REQUIREMENT:
Write out the entries exactly, leaving out every picture.

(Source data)
= = = =
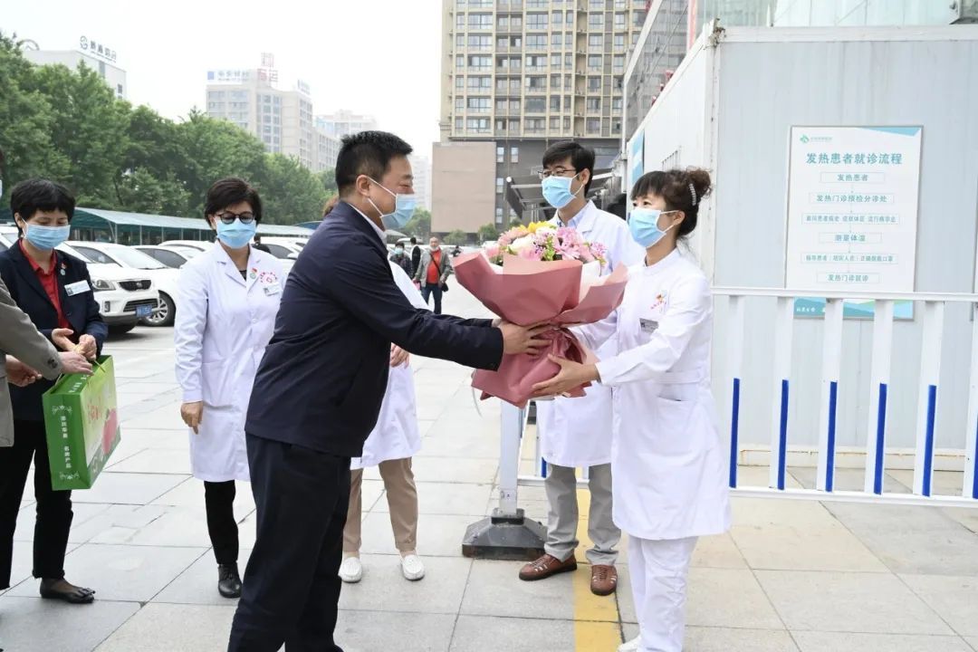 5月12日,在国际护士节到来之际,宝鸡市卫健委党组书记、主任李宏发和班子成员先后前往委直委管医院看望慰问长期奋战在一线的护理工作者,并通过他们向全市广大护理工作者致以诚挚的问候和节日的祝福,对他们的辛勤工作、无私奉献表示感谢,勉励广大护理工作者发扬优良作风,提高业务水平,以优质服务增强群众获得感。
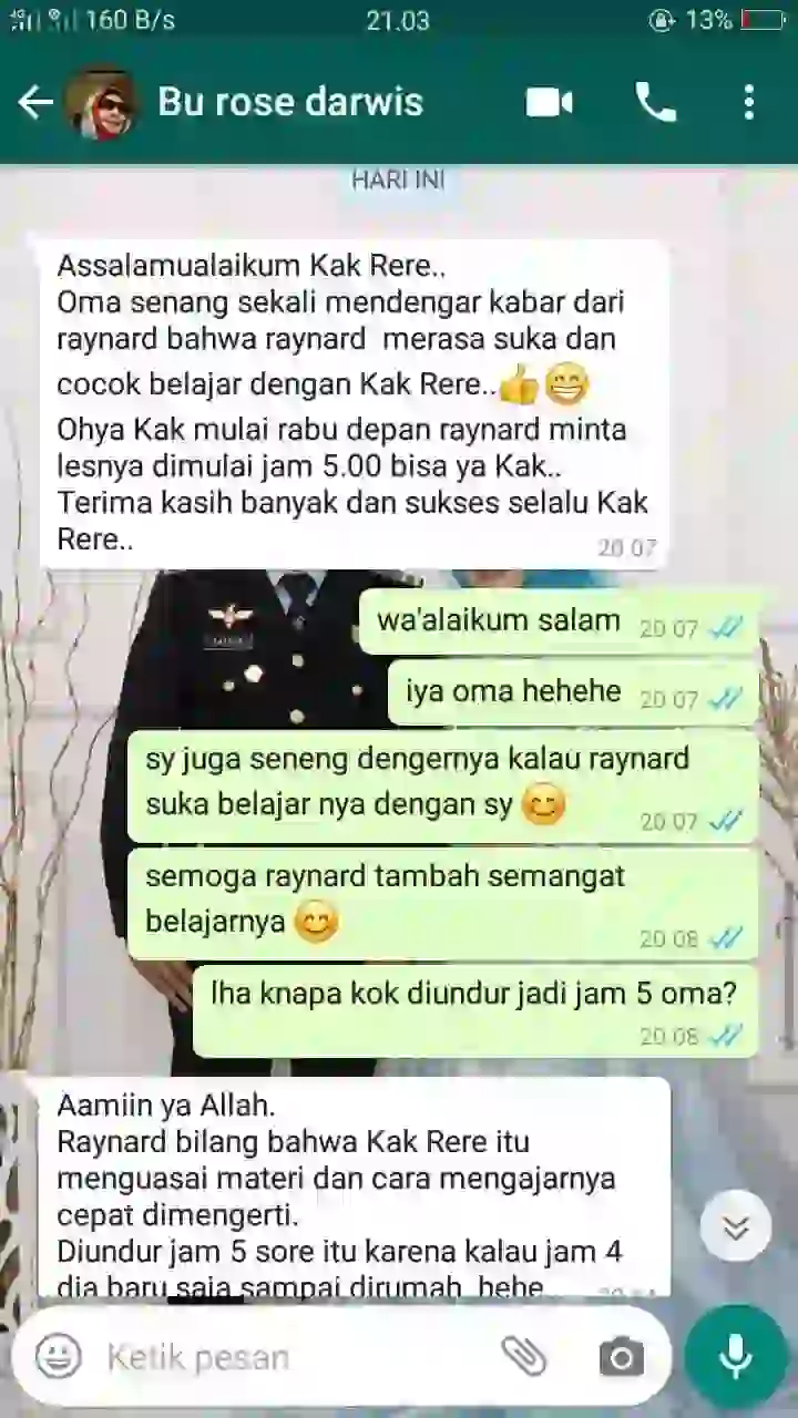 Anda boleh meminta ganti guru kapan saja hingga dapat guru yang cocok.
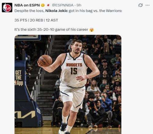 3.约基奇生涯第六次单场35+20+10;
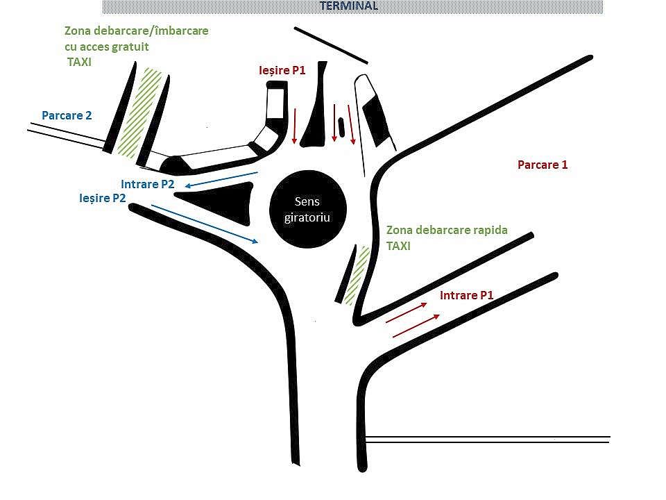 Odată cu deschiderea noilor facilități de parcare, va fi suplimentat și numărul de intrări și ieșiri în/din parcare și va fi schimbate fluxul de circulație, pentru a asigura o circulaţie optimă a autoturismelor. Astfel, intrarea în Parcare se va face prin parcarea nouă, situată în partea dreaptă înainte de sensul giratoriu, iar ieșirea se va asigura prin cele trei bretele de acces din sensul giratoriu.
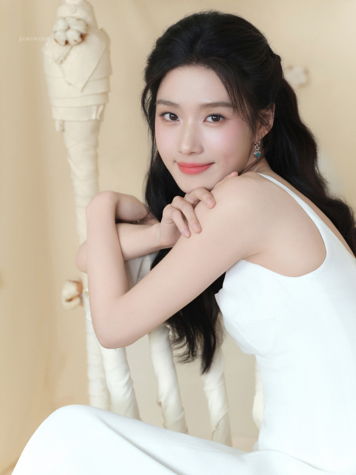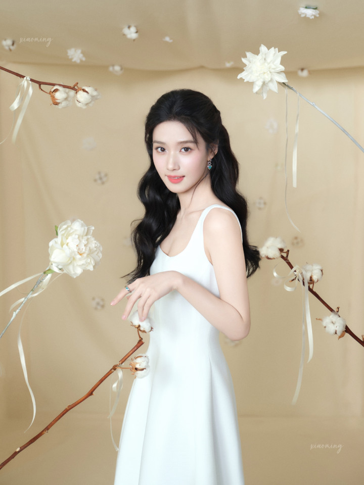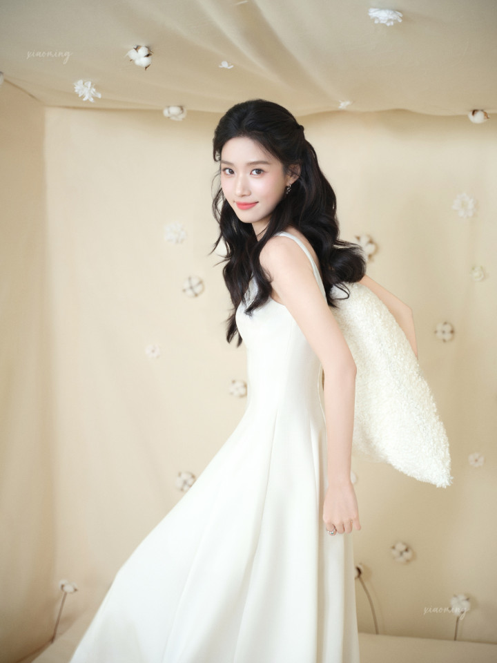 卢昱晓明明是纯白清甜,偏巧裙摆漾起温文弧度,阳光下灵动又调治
= = = =
SOLUTION TO THIS EXERCISE:
 5月12日,在国际护士节到来之际,宝鸡市卫健委党组书记、主任李宏发和班子成员先后前往委直委管医院看望慰问长期奋战在一线的护理工作者,并通过他们向全市广大护理工作者致以诚挚的问候和节日的祝福,对他们的辛勤工作、无私奉献表示感谢,勉励广大护理工作者发扬优良作风,提高业务水平,以优质服务增强群众获得感。
 Anda boleh meminta ganti guru kapan saja hingga dapat guru yang cocok.
 3.约基奇生涯第六次单场35+20+10;
 Odată cu deschiderea noilor facilități de parcare, va fi suplimentat și numărul de intrări și ieșiri în/din parcare și va fi schimbate fluxul de circulație, pentru a asigura o circulaţie optimă a autoturismelor. Astfel, intrarea în Parcare se va face prin parcarea nouă, situată în partea dreaptă înainte de sensul giratoriu, iar ieșirea se va asigura prin cele trei bretele de acces din sensul giratoriu.
 卢昱晓明明是纯白清甜,偏巧裙摆漾起温文弧度,阳光下灵动又调治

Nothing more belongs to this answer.